A Tom Maior devolveu o espírito daquele Bruno Ribas que cantou o samba “É Segredo” (Tijuca 2010). O que a escola mudou na sua vida?
Bruno Ribas: “A Tom Maior me trouxe uma recarga de bateria, mas eu já estou até me desfazendo dela, estou de verdade pensando em me aposentar. O carnaval está ficando meio chato e difícil de lidar. Mas, isso não é para agora, ainda vou ter um tempo para poder me organizar, organizar a vida e deixar tudo legal para que isso possa acontecer e eu poder parar. A Tom Maior foi muito importante nesse sentido para mim e para a minha trajetória”.
Aliás, o “É Segredo” é o samba da sua vida?
Bruno Ribas: “Não foi o samba da minha vida, mas sim o desfile da minha vida, já que foi o primeiro campeonato que eu conquistei como intérprete oficial de uma escola de samba na minha carreira, foi muito importante e tenho boas lembranças”.
Por que você já cogita a hora de parar?
Bruno Ribas: “O ‘parar’ que eu falo não é parar de cantar, mas sim como o carnaval, é o que pretendo. Estou pensando e ajeitando uma nova estratégia para a minha carreira, eu e a minha equipe ainda estamos em análise para planejarmos isso. Quero descobrir outras funções também no carnaval, além de cantar. Eu vim de bateria, me propus a cantar, e acho que não deixei muito a desejar. Fui e sou um mediano cantor e daqui um tempo quero ver outros horizontes. Trabalhar mais para dentro da confecção do carnaval, estar mais dentro desse horizonte me interessa também”.

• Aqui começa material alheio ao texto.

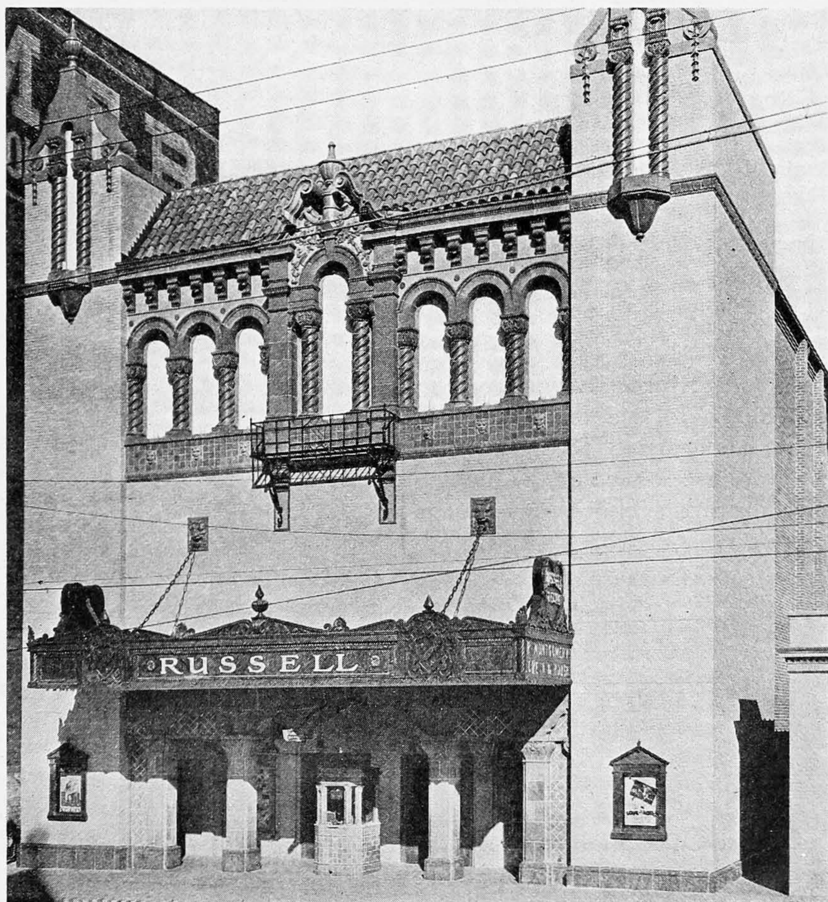
General view of the exterior and facade. The building is faced with polychrome terra cotta and three shades of buff-colored brick. Flood lighting and lighting effects are provided for.

Qual a diferença entre cantar no Rio e em São Paulo?
Bruno Ribas: “A única diferença que separa o Rio de São Paulo é a logística. É o que São Paulo tem de melhor para oferecer, algo que realmente falta no Rio. O som é magnífico, todo o operacional de São Paulo é muito bacana. Mas, no restante, creio não ter diferenças, às vezes até tem sim no sentido de tamanho do carnaval deles para o nosso do Rio, mas no geral não. Se considerando a parte musical, não. A música é universal, a gente faz em qualquer lugar, estando no meu setor isso não muda”.
E como é cantar em trio com o Leozinho e a Grazzi?
Bruno Ribas: “Junto com eles eu tenho mesmo é um grande aprendizado, a gente aprende muito um com o outro. Eles até brincam muito comigo dizendo que eu sou o mais antigo deles, então tenho que carregar essa carga maior. É tudo muito bem dividido no nosso carro de som, nos entendemos muito tanto musicalmente como pessoalmente e acontece tudo bem, temos um aprendizado muito legal”.
Cada vez temos mais mulheres no carro de som. O que você pensa sobre o assunto?
Bruno Ribas: “Bom, a gente vê ainda o preconceito contra a classe feminina e que ainda é muito difícil se ter mulheres como cantoras nesse meio. Acho esse preconceito ridículo, porque a mulher é o ser humano mais importante do universo desde que o mundo é mundo, se não existisse as mulheres não existiria a humanidade. Mas o meu o ponto de vista quanto a mulher cantando e sendo intérprete é que acho muito importante isso, super bacana a mulher fazendo esse papel no carnaval”.
Qual é seu maior ídolo como intérprete e por que?
Bruno Ribas: “Pela bilionésima vez, eu volto a dizer com muita satisfação, e vou falar isso para o resto da minha vida até que Deus me leve, e se Deus me levar e me deixar gritar de lá eu vou gritar o nome do Neguinho da Beija-Flor”.
Qual samba você não cantou e gostaria de ter cantado?
Bruno Ribas: Samba, eu realmente não sei. Mas desfile eu que eu gostaria de ter participado de vários, mas teve um na Portela que eu gostaria muito de ter estado, que foi o “Adelaide, A Pomba da Paz” (1987) que eu achei muito bacana e me emocionou muito”.
Qual foi o desfile na sua carreira que mais te marcou?
Bruno Ribas: “O desfile que mais me marcou foi o da Mocidade em 2008 (“O Quinto Império: de Portugal Ao Brasil, Uma Utopia Na História”) foi um desfile grande e fantástico na minha vida. Porque foi um período muito complicado no qual eu passei na Mocidade 16 meses sem receber. E nesse ano eu fui também para São Paulo cantar no Império de Casa Verde e houve muitos problemas até que chegou o carnaval e eu não tinha para onde correr mais. Tive problemas sérios tanto em São Paulo quanto no Rio, tinha gente no carro de som que estava sendo despejada de casa porque não estava recebendo e não tinha dinheiro para pagar um aluguel. Em São Paulo eu já tinha um carro de som formado, um baita carro de som e de repente não tinha mais ninguém no carro de som, tive que levar o Marquinhos Art’Samba, que está na Mangueira hoje para lá, que é meu compadre, e o Dudu, filho do Deré da Grande Rio, tive que levar os dois para São Paulo para cantar comigo, porque eu não tinha mais carro de som. Foi bem complicado. Mas quando cheguei aqui no Rio, o desfile para mim da Mocidade foi fantástico”.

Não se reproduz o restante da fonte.